ВЕРНУВШИСЬ ДОМОЙ, я переоделся в шорты, вышел на задний двор и растянулся на мягком пыльном лежаке у бассейна. Слушая звук льющейся воды в импровизированном водопаде, сделанном из ландшафтных камней, попытался вспомнить, когда в этом бассейне кто-то из нас плавал в последний раз. Солнце припекало грудь. Оно светило так ярко, что я с трудом читал указания в учебнике испанского.
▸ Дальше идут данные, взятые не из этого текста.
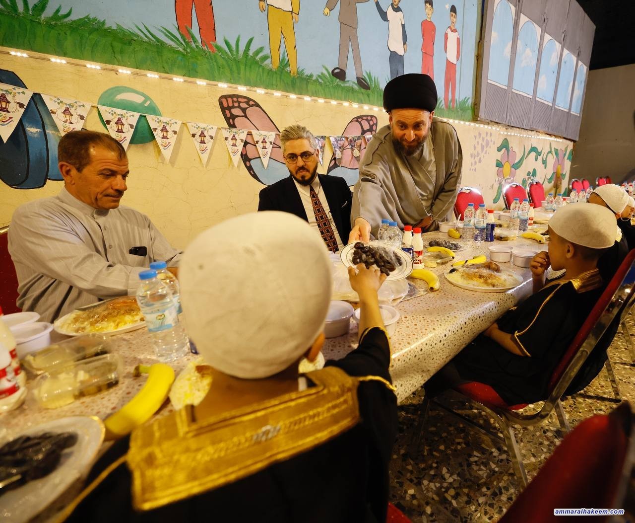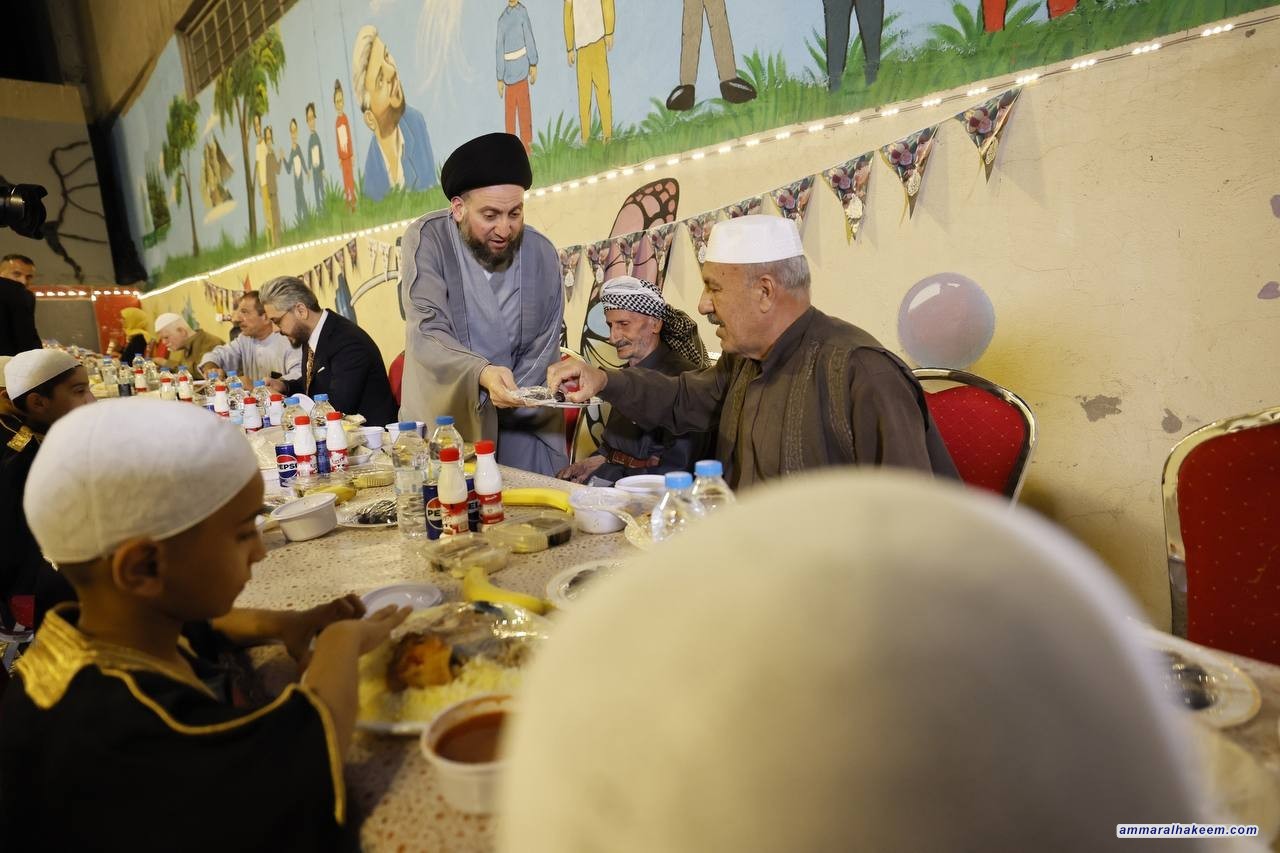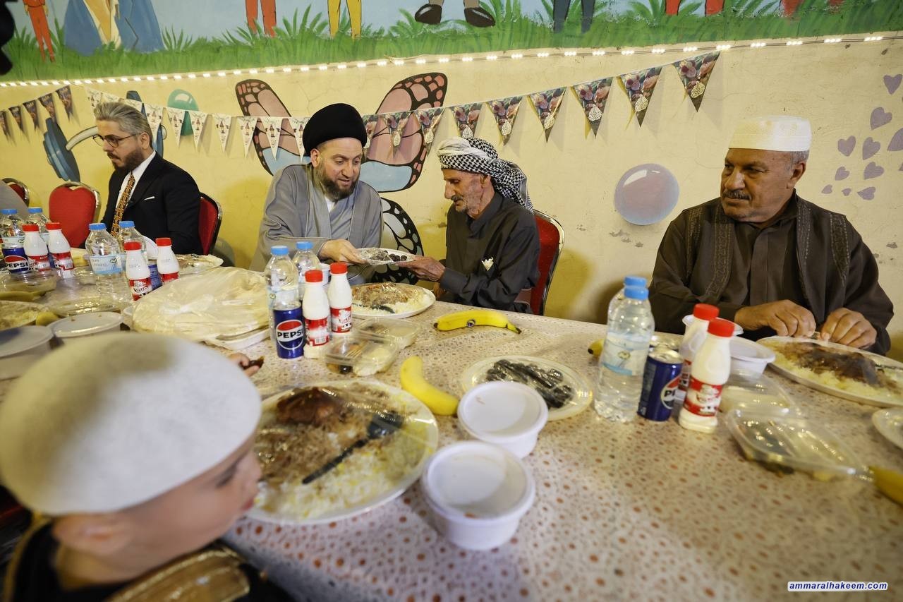 سماحته بيّن أن العراق مر بظروف صعبة إنعكست سلبا على الإعمار والبنى التحتية وأثرت أيضا على الإنسان وأفرزت بعض السلوكيات الشاذة. مضيفا بقوله لكبار السن "أنتم الخير والبركة ومشاركتنا إفطاركم تعبيرا منا على دعمكم".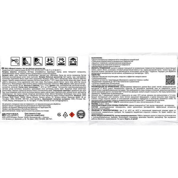 Предназначен для защиты минеральных поверхностей от атмосферных воздействий, для повышения морозостойкости оснований, защиты от появления и распространения микротрещин, предотвращения появления высолов, декоративной отделки. Подходит для внешней облицовки печей и каминов. Применяется внутри и снаружи помещений по любым минеральным основаниям (природный и искусственный камень, кирпич, бетон, цемент, штукатурка, черепица, гипсовый декоративный камень и пр.), кроме полов и крыш. При высокой вероятности образования биопоражений на поверхности, рекомендуется предварительная обработка составом Dali Универсальный антисептик.

– Эзра, ты что там делаешь? – напугала меня своим криком мама.
Я поднялся и, щурясь на солнце, потопал к дому. Мама застыла за сетчатой дверью, держа в руках мат для йоги.
– Иду я, иду.
– О чем ты думал? – мягко спросила она, когда я вошел в кухню. В одежде для йоги мама казалась гораздо моложе своих сорока семи лет.
– Хотел позагорать, – пожал я плечами. – Я бледный, как привидение.
– О, милый. – Мама достала из холодильника пакет с лимонадом и налила нам по стакану. – Ты же знаешь, что тебе нельзя находиться под прямыми солнечными лучами.
Недовольно хмыкнув, я отпил лимонада. Отвратительного на вкус. Мама покупает только здоровую пищу, поэтому в ней отсутствует по меньшей мере один ключевой ингредиент: глютен, сахар или ароматическая добавка.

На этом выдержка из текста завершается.